Re: Can one determine which results are "good enough" to alert users about?

Jan Høydahl-3
Hi,

The whole thinking of score threshold is flawed in this situation.
Chris, you say yourself that you plan to let people subscribe to searches which are known to have crappy results for perhaps the majority of hits, and there is no automatic way of rectifying that.

Imagine a search for the two words Software License, and that your search does an OR search with stemming etc.
Now, in a large corpus of documents scoring will see to it that the first page is probably filled with hits relevant to both words, but if you try to match smaller batches of documents, say all new docs every hour or day, you may very well be in a situation where no docs are relevant, but you still find plenty of matches for only Software or only License/licenses/licensing.
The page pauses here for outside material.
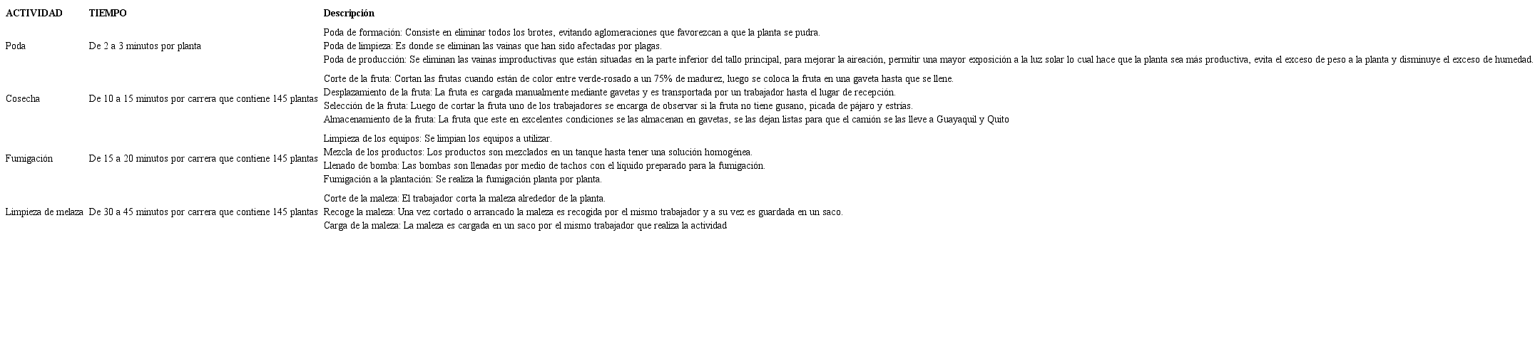 El cultivo de la Pitahaya tiene cuatro actividades fundamentales. En cada una de estas actividades se realizan diferentes sub-tareas que permiten obtener resultados productivos en la compañía Pitakawsay. Los trabajadores laboran 8 horas diarias, por la mañana desde las 6H30 am hasta las 11H30 am y por la tarde desde 1H30 pm hasta las 4H30 pm. Un estudio del estándar del tiempo, mediante el cronometraje de operaciones y elementos permitió estimar el tiempo estándar de cada actividad, los mismos se exponen en la tabla 3, así como una descripción de las sub tareas en cada una de las actividades principales.
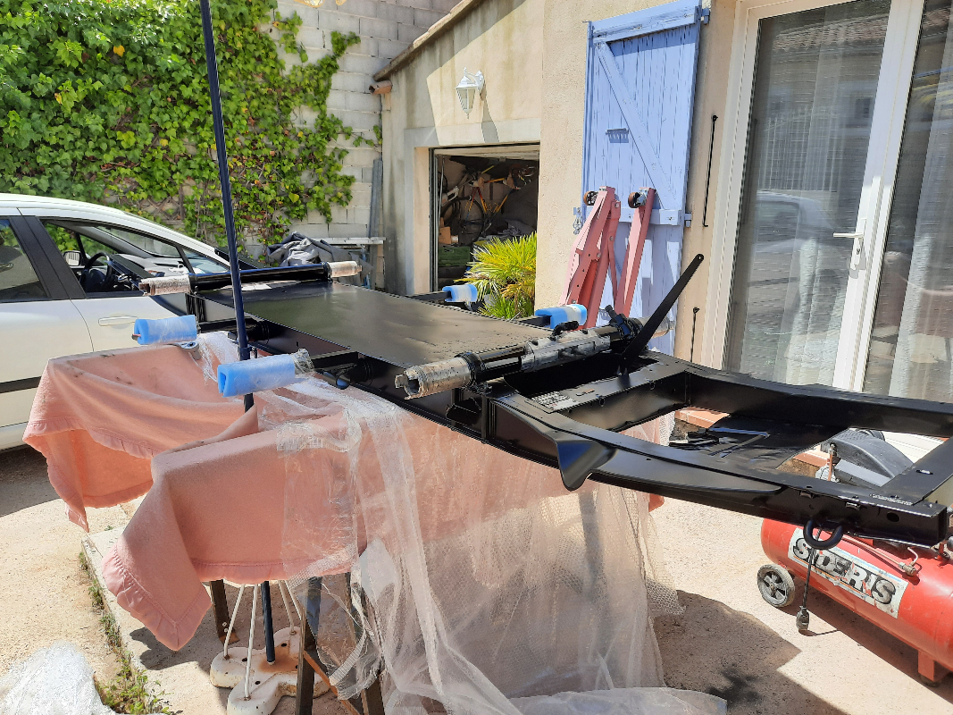 , la cabine de peinture ces sur mon lieux de travail donc sa me permet de pas mal avancer , pour le sablage mon frère travaille dedans donc sont patron m'avait fait un prix pour le sablage l'antirouille et la peinture époxy j'avais payé 150 euros le tous mais sinon sa m’aurait couté beaucoup beaucoup plus

This would be slightly better with an AND search, but it would not be usable for alerting unless the query itself was a phrase query for "Software License"

--
Jan Høydahl, search solution architect
Cominvent AS - www.cominvent.com
Solr Training - www.solrtraining.com

On 9. mai 2012, at 22:55, Otis Gospodnetic wrote:

> Hi Chris,
>
> I think there is some confusion here.
> When people say things about relevance scores they talk about comparing them across queries.
> What you have is a different situation, or at least a situation that lends itself to working around this, at least partially.
>
> You have N users.
> Each user enters N queries.
>
> You have incoming stream of documents that you wan to match against all users' saved queries.
>
> When a new document is matched you could:
> 1) send it to user right away
> 2) store it somewhere as a document that matched a query Q and send all matches to users periodically.
>
> If you go with 1) then either you send all matches to users, or you introduce the notion of the score thresholds.  That's bad for the reason you already identified.
> If you go with 2) then you have the option of batching up matches for each saved query and alerting users only every N hours.  Then, you could introduce logic that says:
> "If there are >N matches for query Q then remove all matches with score <S"
> "If there are >M matches for query Q, then remove all matches with score <R"
> "If there are <Z matches for query Q, then keep all matches"
> ...
>
> Maybe you can turn this into a feature in your product ;)
>
> Otis
> ----
> Performance Monitoring for Solr / ElasticSearch / HBase - http://sematext.com/spm 
>
>
>
>> ________________________________
>> From: Chris Harris <[hidden email]>
>> To: [hidden email]
>> Sent: Wednesday, May 9, 2012 4:50 AM
>> Subject: Can one determine which results are "good enough" to alert users about?
>>
>> I'm trying to think through a Solr-based email alerting engine that
>> would have the following properties:
>>
>> 1. Users can enter queries they want to be alerted on, and the syntax
>> for alert queries should be the same syntax as my regular solr
>> (dismax) queries.
>>
>> 1a. Corollary: Because of not just tf-idf but also dismax pf and qf
>> boosting, this implies that the set of documents that match a given
>> query will vary widely in quality; the first page of search results
>> will be quite good, but the last page won't be worth looking at.
>>
>> 2. The email alerting engine shouldn't bother alerting people about
>> *all* new results for a given query; in particular it should avoid the
>> poor-quality tail of results and just alert on "the good stuff".
>>
>> Unfortunately, my current understanding of Solr/Lucene is that there's
>> not a good automatic way to partition the set of query results into
>> "good stuff" vs "not good stuff". The main option I know of is to
>> filter out documents below a certain score threshold, but if you
>> search the Lucene/Solr mailing lists, people will advise that this is
>> unlikely to be fruitful. (It ultimately boils down to how Lucene/Solr
>> scores wasn't especially designed to mean anything as absolute
>> numbers, only when compared to other scores.)
>>
>> This makes me wonder if there's something wrong with my original
>> requirements, or whether people have thought of some other way to
>> approach this.
>>
>> Interestingly, Google appears to have solved this at least to some
>> degree with Google Alerts (http://www.google.com/alerts); there you
>> can choose to receive "Only the best results" rather than "All the
>> results". I'm not clear how they determine which results are "best",
>> but their UI certainly implies they've come up with some scheme for
>> it.
>>
>> Thanks,
>> Chris
>>
>>